Abstract Three-dimensional Large-Eddy Simulations (3D LES) are performed to study the separated and reattaching flow over a 5:1 rectangular cylinder in streamwise sinusoidal flow. The ratio of inflow frequency to natural vortex-shedding frequency is varied from 0 to 6 ​at five amplitudes up to 60% of the time-mean velocity. The effect on the two-dimensional (2D) and three-dimensional (3D) characteristics of the separation bubble and surface pressures are reported. The relationship between the time-averaged flow field and the statistics of the chordwise pressure distribution are obtained firstly. The flow-pressure relationships are qualitatively similar in uniform and sinusoidal flows. Then, the amplitude-frequency domain of the sinusoidal flow is divided into three regimes to describe the effects on the mean reattachment length. The simulations capture the interferences between leading-edge vortices and trailing edge vortices for longer separation bubbles. However, the interactions are not observed in shorter separation bubbles due to the diffusions of leading-edge vortices. Finally, the flow three-dimensionality is studied by performing proper orthogonal decomposition (POD) and spanwise correlation analysis on the surface pressures. The oncoming flow oscillations correspond to the most energetic structures dominating the pressure field, which are constant in the spanwise direction. While the local vortical structures mainly influence the 3D features of the flow dynamics.

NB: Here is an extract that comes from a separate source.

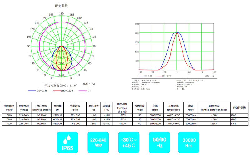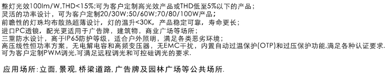 靈活的功率設計,可為客戶定制20W/30W;70/80/10W產(chǎn)品;前瞻性的燈珠均布散熱超薄設計,
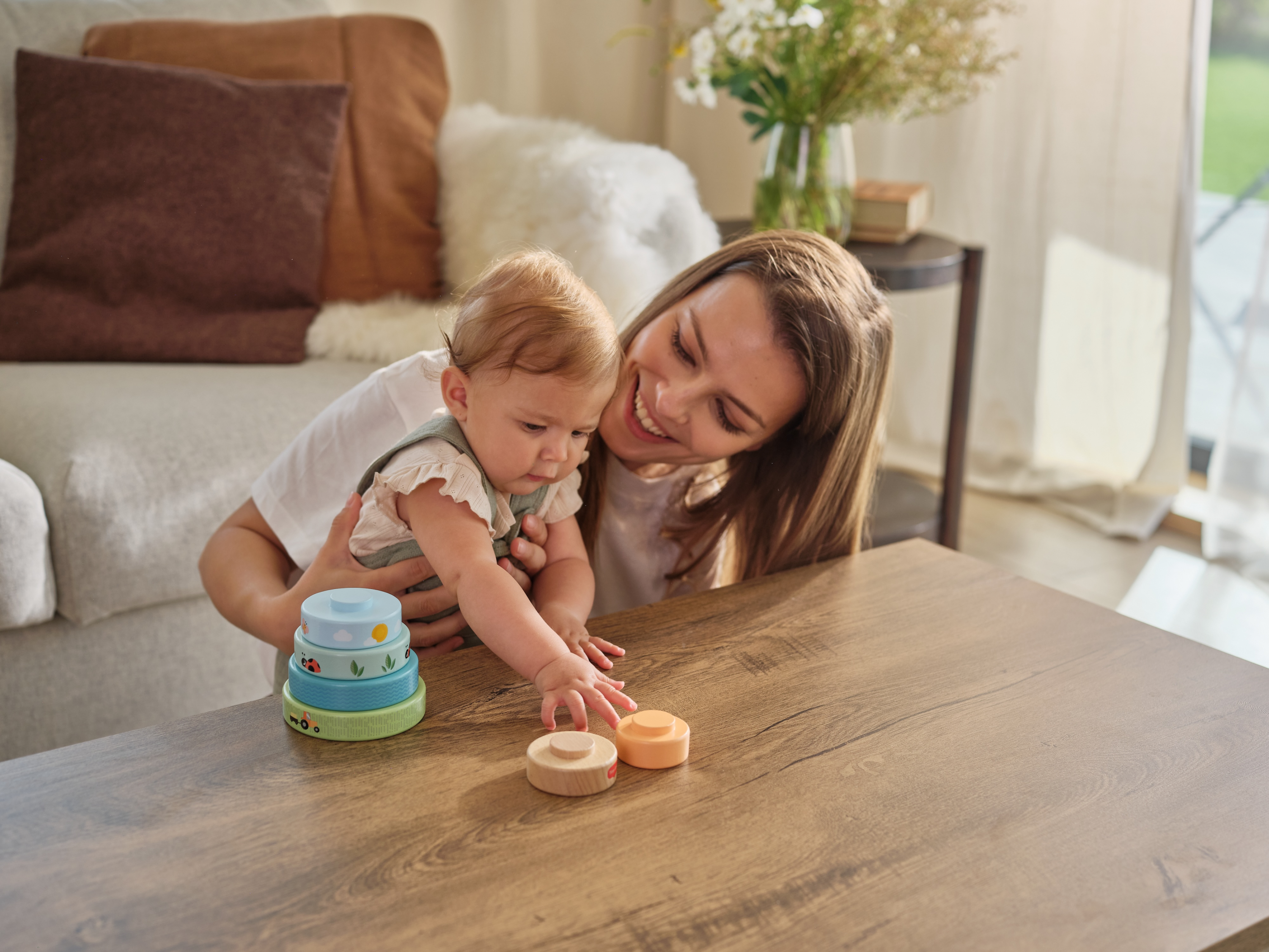 Drevené nasadzovacie krúžky Tiny Love ponúkajú rôzne možnosti hran...zobraziť viac

Graphical abstract The physics of the 2D and 3D features of the separated flow are different between uniform and sinusoidal flow conditions. In the sinusoidal flows, the first two modes of the fluctuating pressures are dominated by the frequency of the oncoming flow oscillations. The corresponding eigenvectors are nearly constant along the spanwise direction. Therefore, the oncoming flow oscillations (POD modes 1 and 2) are the main contributors to the 2D flow field. In addition, the third mode is related to the frequency of the vortices formation, merging and shedding in the separation bubble. The eigenvector of the third mode shows variability along both the x and z directions in the upstream part of the lateral surface, reflecting the 3D features of the separation bubble. This indicates that the instantaneous 3D flow structures are dominated by the local vortical structures. The first to third POD eigenvectors along the upper surface of the cylinder for uniform flow (left column) and sinusoidal flow (right column) with the frequency equals the natural vortex shedding frequency and the amplitude of 60% of the time-mean velocity. Display Omitted

Highlights • Sinusoidal flows passing a 5:1 rectangular cylinder are numerically simulated. • The effects of inflow frequency and amplitude on the separation bubble are investigated. • The instantaneous flow dynamics are sensitive to the flow condition. • The contributions of flow fluctuations and local vortices to the overall flow dynamics are evaluated. • The relationships between flow topology and pressure statistics are provided.